Damail Hari Lubis-Aktivis Mujahid 212
Beberapa pengamat hukum memprediksi bahwa setelah lengser, Jokowi akan menghadapi banyak tuntutan hukum terkait dugaan pelanggaran yang dilakukannya. Jokowi tentu menyadari berbagai tuduhan yang telah diajukan kepadanya, termasuk tuduhan publik terkait pemalsuan ijazah yang ia gunakan untuk menipu tiga lembaga: KPU Daerah Surakarta, KPU Daerah Jakarta, dan KPU Pusat. Pemalsuan ini diduga telah menghasilkan serangkaian dokumen palsu, baik yang autentik maupun yang dibuat secara bawah tangan, termasuk dokumen resmi berlogo Garuda. Semua ini berawal dari jabatan yang diraihnya dengan persyaratan palsu. Fenomena stagnasi proses hukum yang melibatkan KPK, Kejaksaan Agung, dan Polri terhadap kolega-koleganya seperti Airlangga dan Muhaimin beserta anak-anaknya diduga merupakan upaya obstruksi Jokowi.
Jokowi juga menyadari bahwa ia akan dihadapkan pada beban tanggung jawab moral dan hukum, terutama terkait sektor keuangan, seperti alokasi anggaran untuk pembangunan Ibu Kota Nusantara (IKN), proyek Kereta Cepat Jakarta-Bandung yang mangkrak, serta penggunaan anggaran penanganan Covid-19 yang mencapai Rp695,2 triliun.
Karakter Jokowi yang dikenal sebagai “pembohong, munafik, kejam, dan licik” juga menonjolkan sifatnya yang tidak tahu malu dan gemar berpura-pura. Salah satu contoh adalah upayanya memindahkan ibu kota negara dari Jakarta secara tiba-tiba, yang tidak pernah dijanjikan dalam kampanye Pilpres 2014. Jokowi sempat mempublikasikan bahwa banyak investor asing akan membantu pembangunan IKN. Dia bahkan mengejek Istana tempatnya bekerja, dengan menyebutnya seperti peninggalan kolonial. Jokowi dengan percaya diri menyatakan bahwa IKN akan resmi pindah pada Oktober 2024, namun kemudian dengan mudah mengubah pernyataannya, “mungkin 15 atau 20 tahun lagi.” Namun, Jokowi mengatakan bahwa ASN akan lebih dahulu pindah pada September/Oktober 2024.

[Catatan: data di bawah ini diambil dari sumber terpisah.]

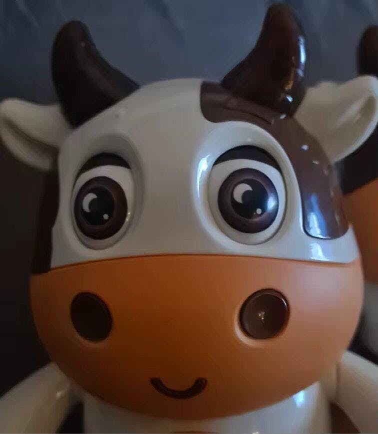 Notaron que sus hijos se movieron más y pasaron menos tiempo con el celular, gracias a las luces, música y movimientos divertidos de la vaca. 🎶📵💃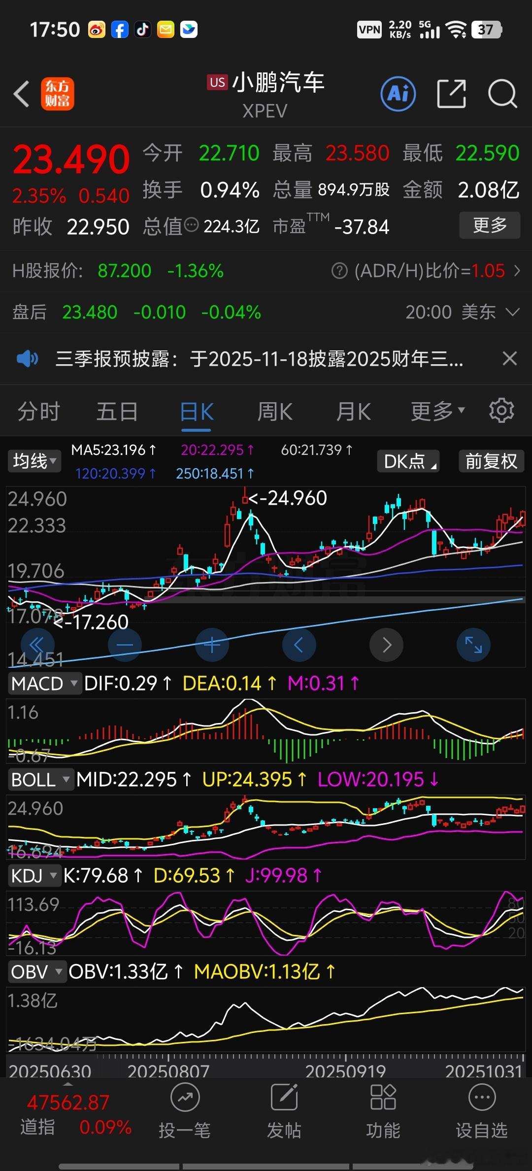 对比了一下小鹏港股和美股的走势,更加坚定了一个判断:小鹏的运营真的走对了。港股偏重情绪和短期变量,而美股市场则更认可小鹏的国际化视野和长期价值——这点在走势上已经有明显体现。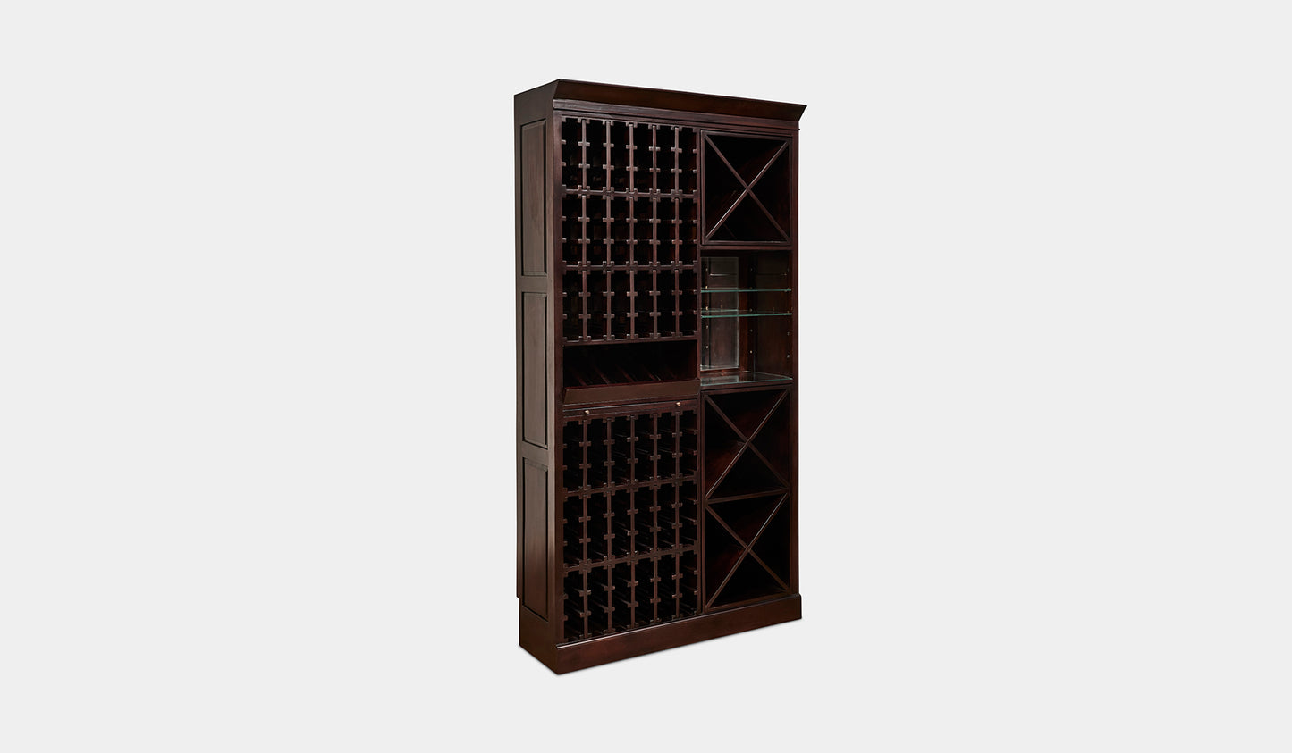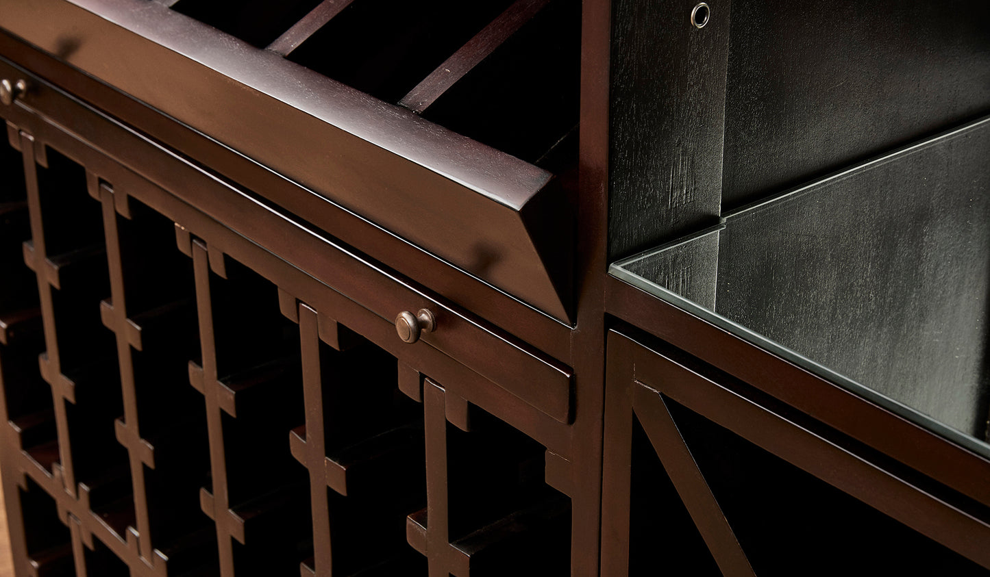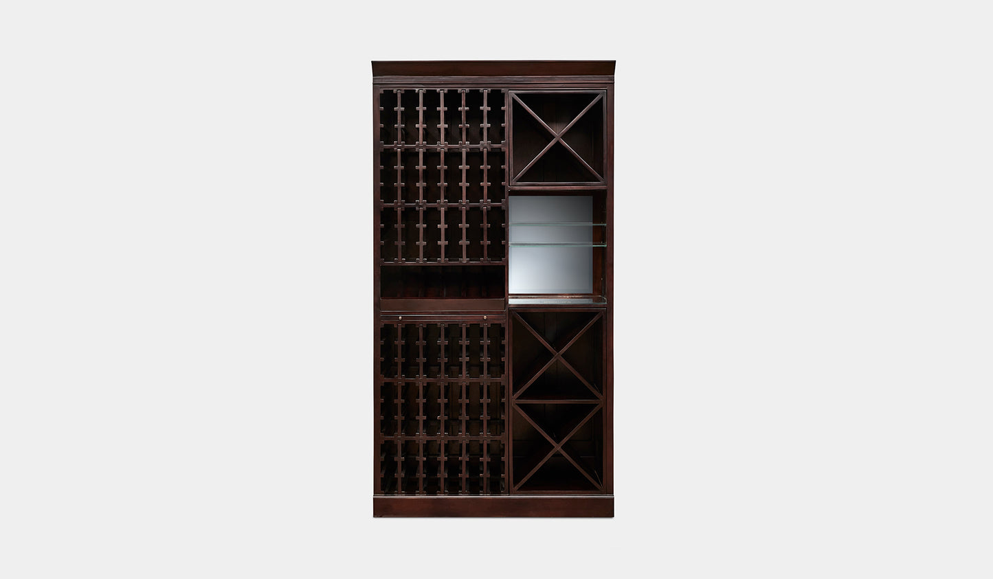 Capacity to store up to 180 bottles, as well as pull out bar tray and display, makes the Everingham Wine Rack one of our most exquisite bespoke pieces. It can be customized to fit any space and is available in standard colours of tea brown and light tea brown, with an approximate 16 week lead time for other colours. Our staff are available to assist with further specifications.
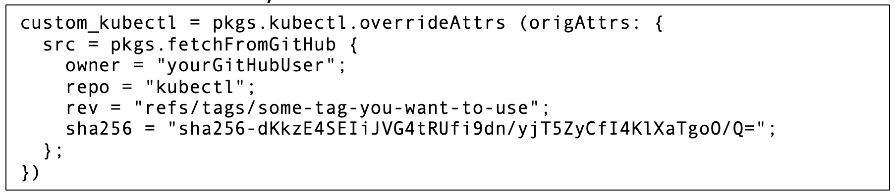 Once you’re familiar with the Nix DSL, it’s surprisingly easy to arbitrarily tweak or experiment with variations on packages. It’s particularly easy to describe a new package in terms of an existing one within the Nix language. For example, let’s say you’d forked the kubectl GitHub repo and made a few tweaks. If you want a Nix package for your “custom kubectl” you can define it in terms of the existing one, keeping all old build/configure/install steps, except the source code will come from your fork instead: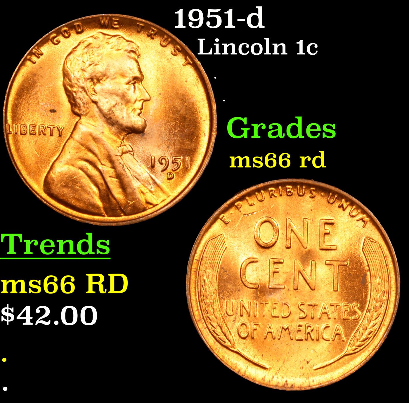 1951-d Lincoln Cent 1c Grades GEM+ Unc RD.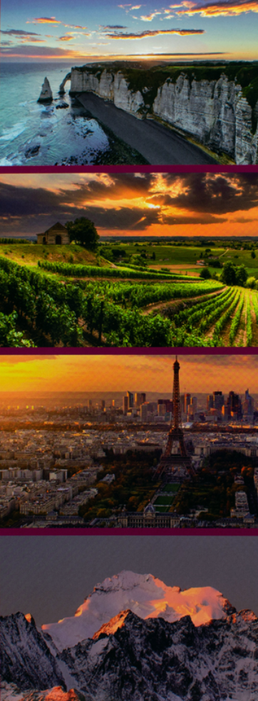 From the English Channel to Alsace and the French Alps to the Camargue and the Mediterranean, from Le Mans to Perpignan and the Pyrenees, from Bordeaux to the Basque Country, every landscape has its own specialities and facets. In this grandiose kaleidoscope of desires, everyone can find the piece of France that suits them.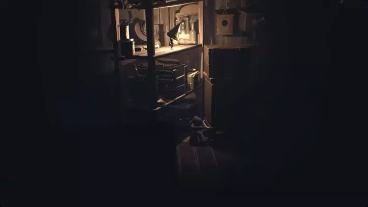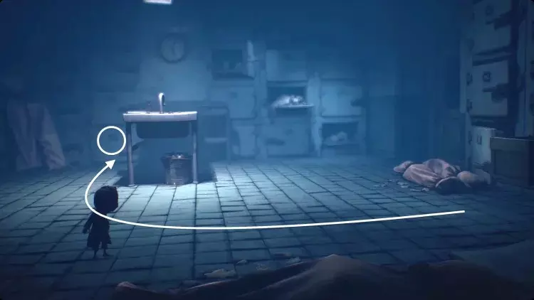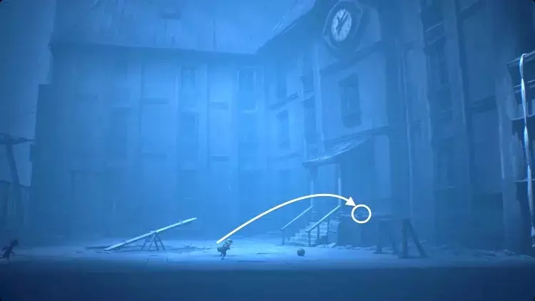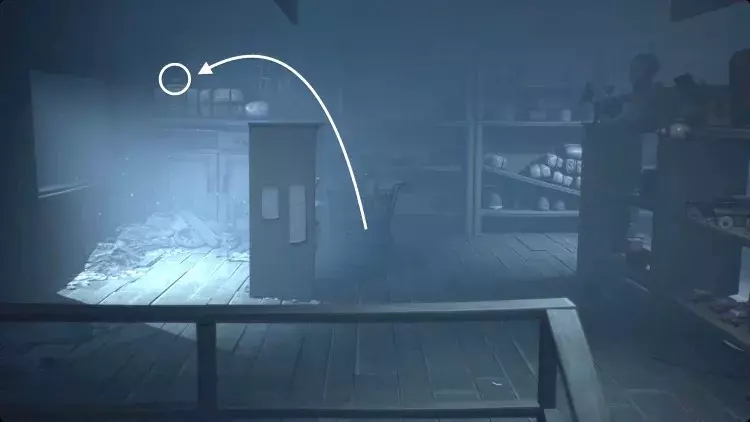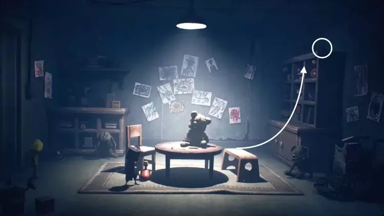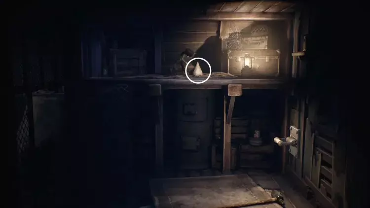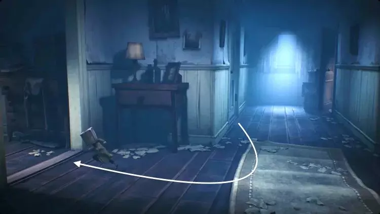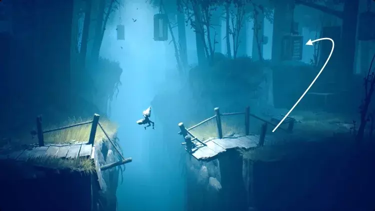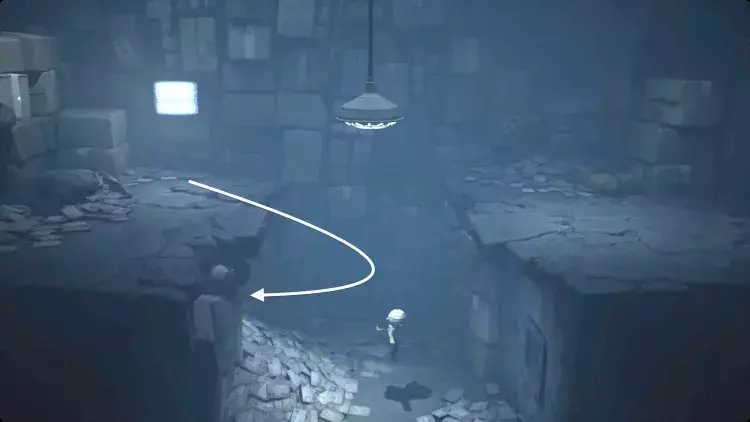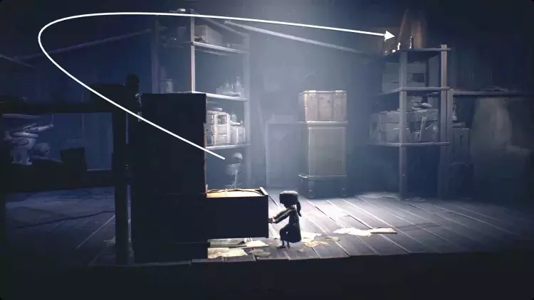跟着小 nome 走过右侧的画作。这里会很暗,但一直向右走,直到小 nome 点燃火柴。你移动时,小 nome 会大致待在你上方,所以引导它沿着房间顶部的走道向右走。当它走到无路可走时,把推车拉到它旁边。它会跳上去,你可以继续向右推。继续引导小 nome 向右,它会为你打开一个笼门,并点亮一盏灯笼。在那个房间里扳动开关,打开阁楼的灯,然后向左返回。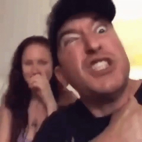 Paglalarawan ng Content: a man is making a funny face while a woman laughs in the background .

Ketika ditanyakan tentang realisasi kepindahan ASN, Jokowi terlihat kembali berpura-pura seolah-olah masyarakat yang mendesaknya untuk segera memindahkan ASN ke IKN. Ketika ditanya lebih lanjut, ia berkata, “Belum bisa pindah, tinggalnya di mana, air untuk mandi dan mencuci dari mana, anak-anak sekolah di mana, tempat bermain anak-anak di mana.”
Akhirnya, janji Jokowi terkait IKN dan banyak janji politiknya selama satu dekade tampak sekadar kebohongan belaka — janji palsu tanpa realisasi.
Lalu, bagaimana nasib Jokowi setelah lengser? Saat ini saja, Jokowi sudah menjadi sasaran kritik dan hinaan dari banyak orang. Tudingan publik bahwa Jokowi memalsukan ijazah S-1 semakin memperparah situasi, sementara pihak lain justru dipenjara karenanya.
Meski begitu, Jokowi dikenal memiliki mental yang kuat dan tidak kenal malu. Walaupun visinya dinilai “abnormal” dan moralitasnya diragukan, Jokowi tetap bertahan dalam politik dan kekuasaannya. Hal ini berkat dukungan dari beberapa ketua umum partai, yang melalui jalur legislatif memperlemah fungsi kontrol terhadapnya. Akibatnya, Jokowi leluasa melakukan diskresi-diskresi yang menyimpang.
Ambisi Jokowi mirip dengan pemimpin fasis dan otoriter, yang ingin dikenang melalui jejak keangkuhan seperti prasasti, patung dirinya, dan proyek-proyek besar yang sebenarnya bukan prioritas utama bagi kesejahteraan bangsa.
Menghindari proses hukum dan tanggung jawab moral pasca-lengser, apakah mungkin Jokowi akan mengambil jalan pintas? Bisa jadi, dia akan menggunakan taktik berpura-pura mengalami gangguan jiwa (ODGJ) sebagai cara untuk melarikan diri, sesuai dengan UU RI No. 18 Tahun 2014 tentang Kesehatan Jiwa dan Pasal 44 KUHP. Jika demikian, apakah keluarganya juga akan turut terkena dampaknya? Apakah mereka akan mendekam bersama-sama dalam satu sel?